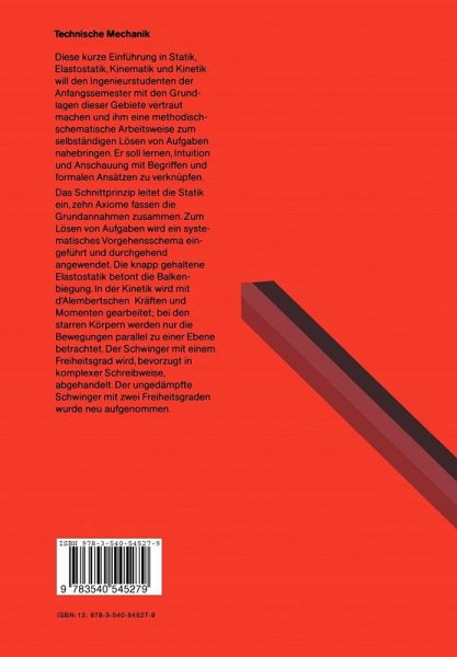 Dieses Buch wendet sich an Ingenieurstudenten der Anfangssemester. Es will den Leser mit den Grundlagen von Statik, Elastostatik, Kinematik und Kinetik vertraut machen und ihm die Fihigkeit zum selbstandigen Losen von Aufgaben vermitteln. Es will darlegen, wie sich Intuition und Anschauung mit Hilfe von Begriffen klar fassen und durch formale Ansatze ausdriicken lassen. Die Erfahrung der Autoren mit Studenten der Elektrotechnik zeigt, daB viele Anfanger den Weg von der Problemstellung zur Losung verlieren, wenn man ihn nicht systematisch anlegt. Deshalb fassen wir die Grundannahmen in zehn Axio men zusammen und losen Aufgaben (ab Abschnitt 1.10) nach einem einheitli chen Schema, das von der Statik ausgehend auch die Kinetik erfaBt, wozu dort konsequent mit d' Alemenbertschen (Tragheits-) KraIten und Momenten gear beitet wird. Diese Systematik unterstutzend werden die Beispiele und auch eine Reihe von allgemeinen Aussagen nach dem Muster Gegeben/Gesucht/Losung behandelt. Trotz derkurzen Darstellung wiederholen wir wichtige Dinge gele gentlich, urn sie zu betonen. Die Forderung nach Anschaulichkeit und der knappe Raum gebieten, viele Aus sagen am charakteristischen Beispiel herauszuarbeiten und zu besprechenj der Leser erkennt unmittelbar die allgemeine Bedeutung. Auf graphische Methoden wird weitgehend verzichtetj dreidimensionale (raumliche) Aufgabenstellungen werden nur vereinzelt betrachtet. Beiden Verfassern hat E. Moncks Einfiihrungsvorlesung Technische Mechanik so gut gefallen, daB sie in Teilen deren Gliederung folgen. Aus V. M. Starzinskijs Theoretischer Mechanik kam die Anregung, die Grundannahmen der Statik als Axiome herauszustellen.
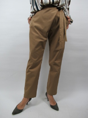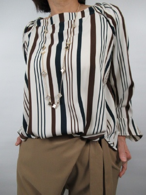 今年はウエストをマークしたり リボンのベルトなどが流行っています。 テーパード型なんてすが、フロントが重なるシルエット。 サッシュリボンは片方に寄った変形デザインです。 トップスは色を合わせてストライプのゆるシルエットブラウスを 組み合わせてみ ました!
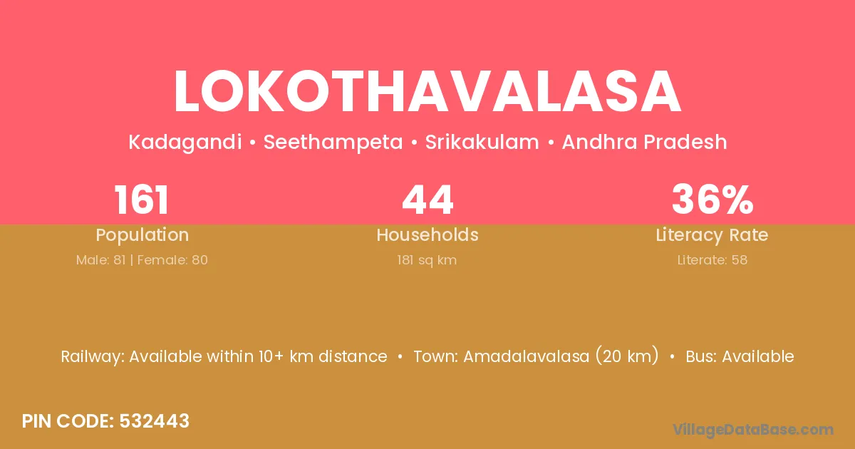 Amadalavalasa (20 km) is the nearest town to Lokothavalasa village for major economic activities and is located approximately 20 km away.
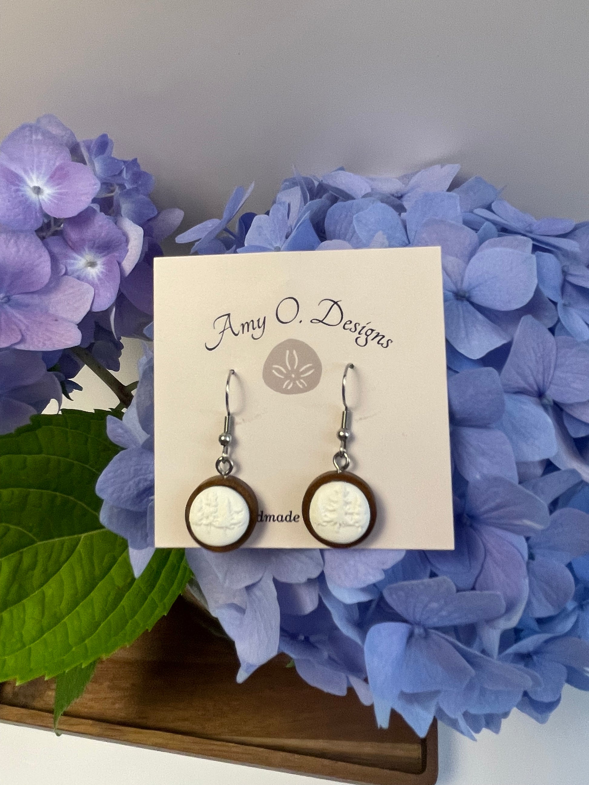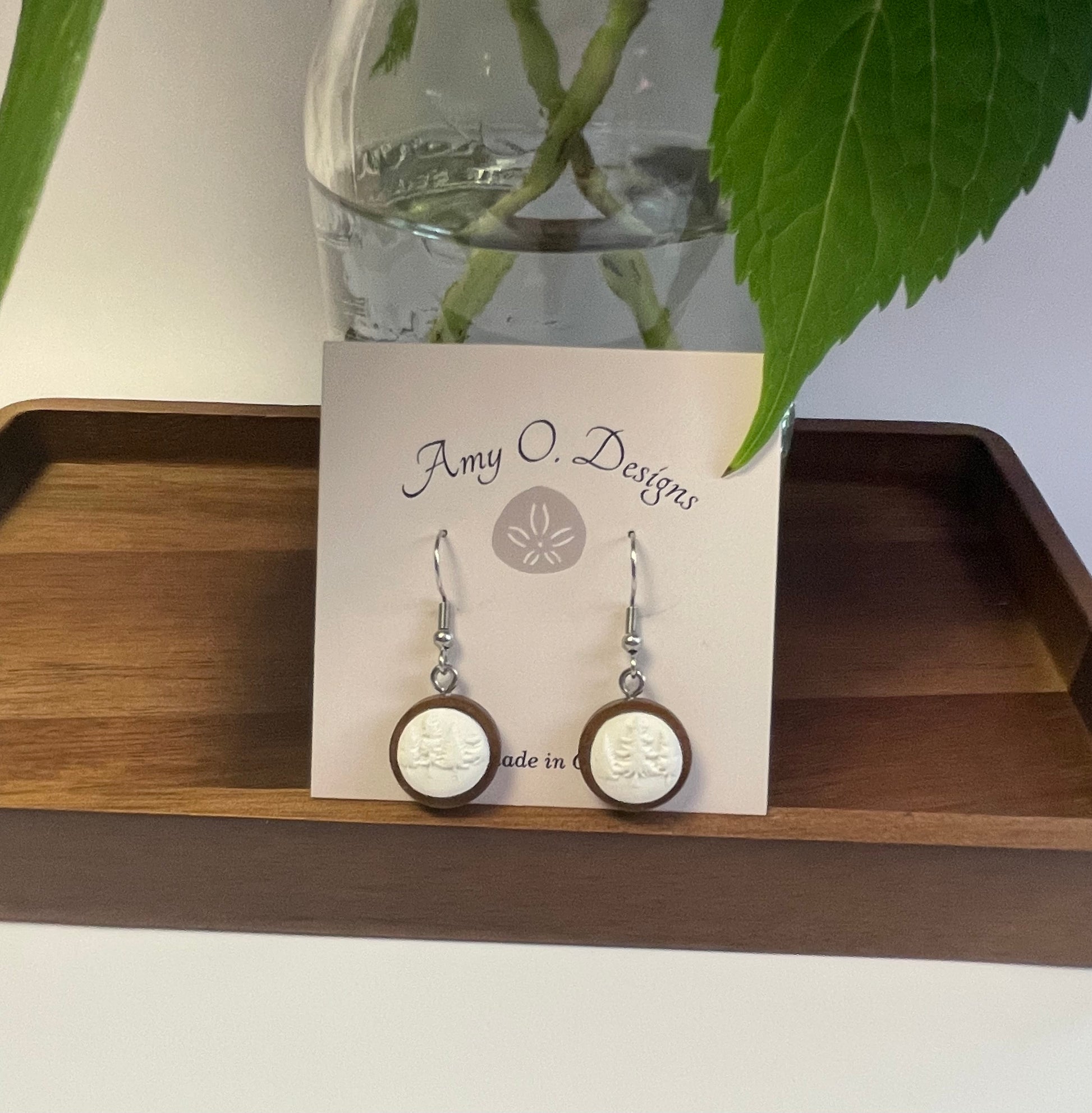 Small, brown circle w/white polymer clay trees. Silver ear wire. Light weight.
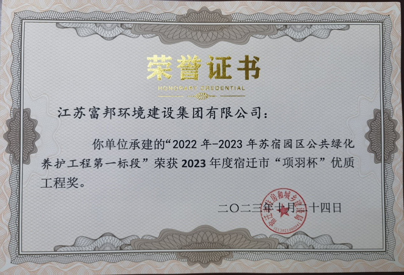 近日,由宿遷市蘇宿園區(qū)建設發(fā)展有限公司負責管理的蘇宿工業(yè)園區(qū)2022-2023年公共綠化養(yǎng)護工程第一、二標段,同時榮獲2023年度宿遷市項羽杯優(yōu)質工程獎。
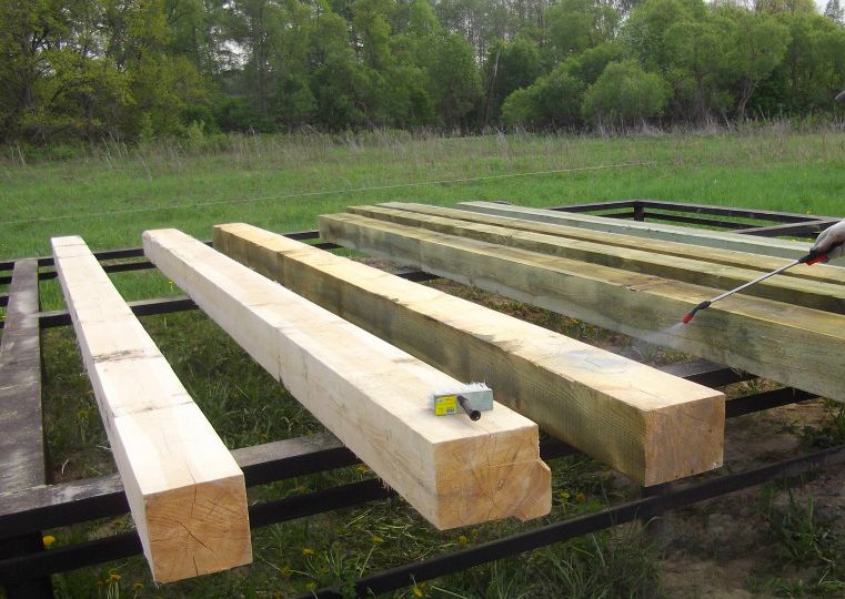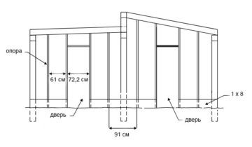 - Долната рамка е изработена от дървени греди с размери 10x10 см или тръба с размери 5x5 см. За подобряване на износоустойчивостта дървените елементи се обработват с антисептик и се боядисват с керосиново-битумен мастик, а металните секции са покрити с антикорозионни съединения.
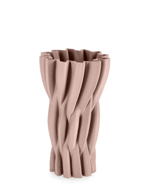 Elegantna dekorativna vaza modernog dizajna, izrađena s dinamičnim, uvijenim linijama koje stvaraju efekt pokreta. Mat roza nijansa unosi toplinu i profinjenost u svaki prostor te daje luksuzan dojam mekoće. Idealna kao samostalni dekor ili za suho cvijeće.

- TO DO -
From the line that contains "近日,由宿遷市蘇宿園區(qū" to the end of the listing, give every line again exactly as written. Leave the pictures out.

- ANSWER SPACE -
 近日,由宿遷市蘇宿園區(qū)建設發(fā)展有限公司負責管理的蘇宿工業(yè)園區(qū)2022-2023年公共綠化養(yǎng)護工程第一、二標段,同時榮獲2023年度宿遷市項羽杯優(yōu)質工程獎。
 - Долната рамка е изработена от дървени греди с размери 10x10 см или тръба с размери 5x5 см. За подобряване на износоустойчивостта дървените елементи се обработват с антисептик и се боядисват с керосиново-битумен мастик, а металните секции са покрити с антикорозионни съединения.
 Elegantna dekorativna vaza modernog dizajna, izrađena s dinamičnim, uvijenim linijama koje stvaraju efekt pokreta. Mat roza nijansa unosi toplinu i profinjenost u svaki prostor te daje luksuzan dojam mekoće. Idealna kao samostalni dekor ili za suho cvijeće.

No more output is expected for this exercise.